Шестидесятники | страница 92
Сколь ни авангардна и ни увлекательна «Оза», сегодня многое в ней смотрится скучно. Вообще Вознесенский написал тогда несколько поэм — «Даму треф», «Авось», — в которых есть отличные куски, но нет целого, есть оскольчатость, растерянность. «Авось» вообще помнится главным образом благодаря рок-опере — без преувеличения великому спектаклю, созданному Вознесенским, Рыбниковым и Захаровым в Лейкоме и идущему по сию пору с аншлагами. Но настоящее обретение себя произошло, на мой взгляд, в сборнике 1979 года «Соблазн» — черной глянцевой книжке, которую я считаю лучшей у Вознесенского за всю его 50-летнюю карьеру (и такой ценитель, как Владимир Новиков, со мной солидарен). «Соблазн» был обретением новой интонации — а именно трагической. Вознесенский этой трагедии не боялся, он решил посмотреть ей в лицо; трагедией этой было постепенное расчеловечивание страны, утрата всего, за что ее стоило терпеть. Это были прежде всего очень хорошие стихи — таких хороших тогда почти никто не писал. У него вообще в семидесятые было несколько жемчужин, гораздо лучше ранних стихов: до сорока он нипочем не написал бы «Йе возвращайтесь к былым возлюбленным», с их гениальной многозначностью — «Былых возлюбленных на свете нет!», в том смысле, что они для нас навеки умерли, — но и в том, что возлюбленные былыми не становятся. В «Соблазне» эти шедевры сконцентрированы; сильнейшее стихотворение там, на мой взгляд, «Уездная хроника» — частью белые, частью рифмованные ямбы, где сквозь судьбу Анечки-официантки проступает судьба России.

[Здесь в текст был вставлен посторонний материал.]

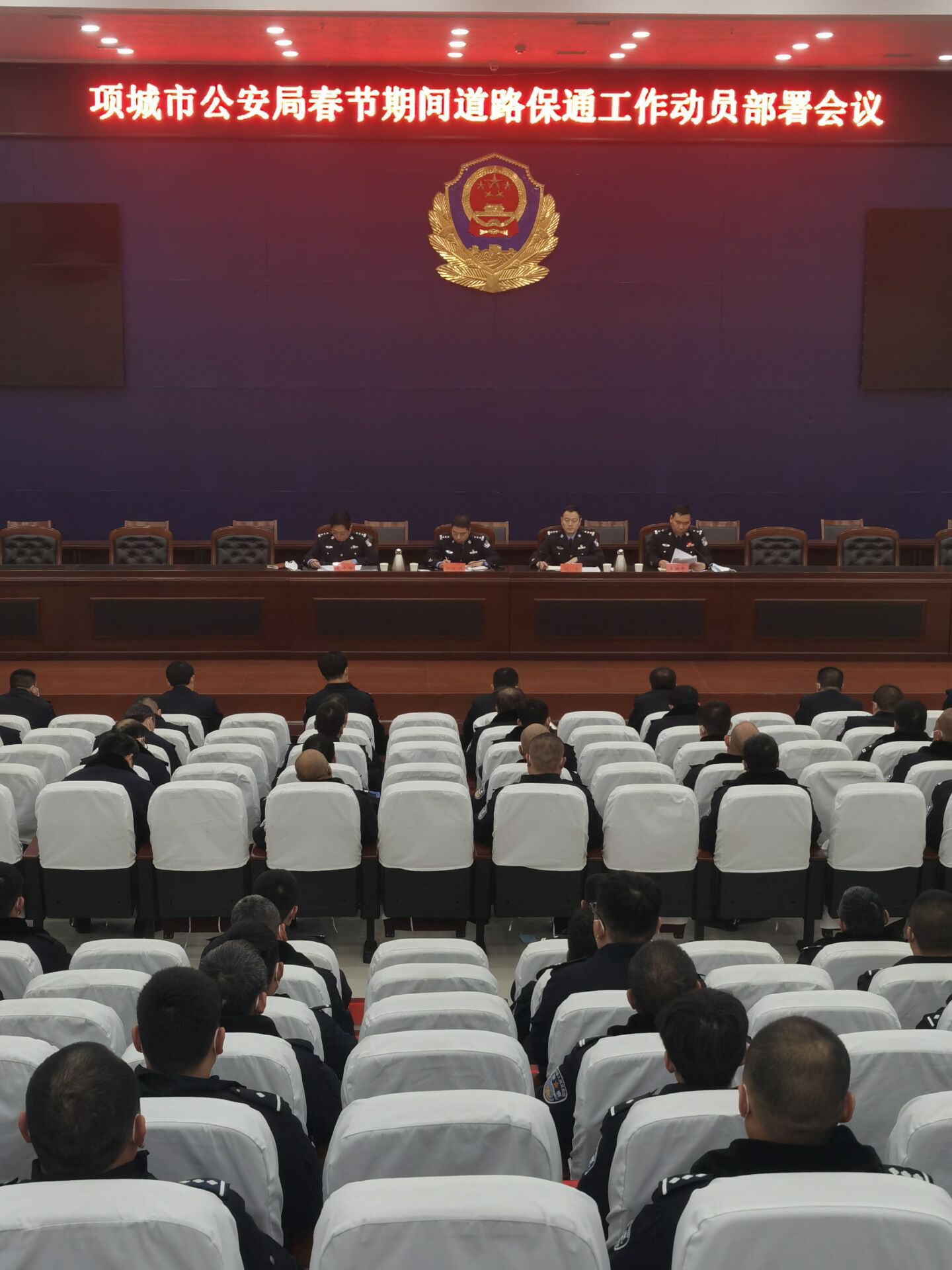 王貴峰就做好今年春節期間的道路保通工作進行了具體部署,提出了四點要求。一是要清醒認識面臨的新形勢新要求,增強“四個意識”,提升政治站位,以強烈的責任感和使命感切實做好春節期間的道路保通工作;二是交警部門要牢記責任和擔當,發揮主力軍作用,與各鎮政府、派出所密切配合,協同作戰,全力以赴開展道路保通工作;三是要加強隊伍管理,規范執法行為,強化工作紀律,落實督察措施,塑造公安民警良好執法形象;四是要做好研判分析,突出工作重點,落實工作措施,全力保安全、保暢通。 陳重強調,此次會議吹響了全面做好今年春節期間全市道路保通工作的沖鋒號角,項城警方要堅定必勝的信心和決心,認真按照局黨委工作部署,迅速行動起來,全力做好道路保通工作,努力為全市人民營造平安、暢通、有序的春節出行環境,確保人民群眾滿意、舒心過節。交警大隊負責人李洪中同志宣讀了《項城市公安局春節期間保通工作實施方案》。

За счет чего он удержался в семидесятые и в первой половине восьмидесятых — во времена довольно гнилые? В России всегда после разгромленных революционных подъемов наступает период богоискательства, в этом смысле наш советский серебряный век подлинно повторился при застое. Расцвет искусств — тоже компенсация (и следствие) общенациональной депрессии. У Вознесенского был период религиозной лирики — точнее, бессознательно религиозна его лирика была всегда, но тут в ней явно проступают христианские мотивы. Это и понятно: христианство остается именно тогда, когда больше не остается ничего, это религия последних времен и последних слов. Нечего больше было противопоставить разлагающимся советским и интеллигентским идеалам, не из чего больше делать образ России, которая в очередной раз испугалась собственного прорыва. Потому-то он и твердил: «Есть русская интеллигенция, есть!» — хотя интеллигенция, прямо скажем, в это время скисала в конформизме.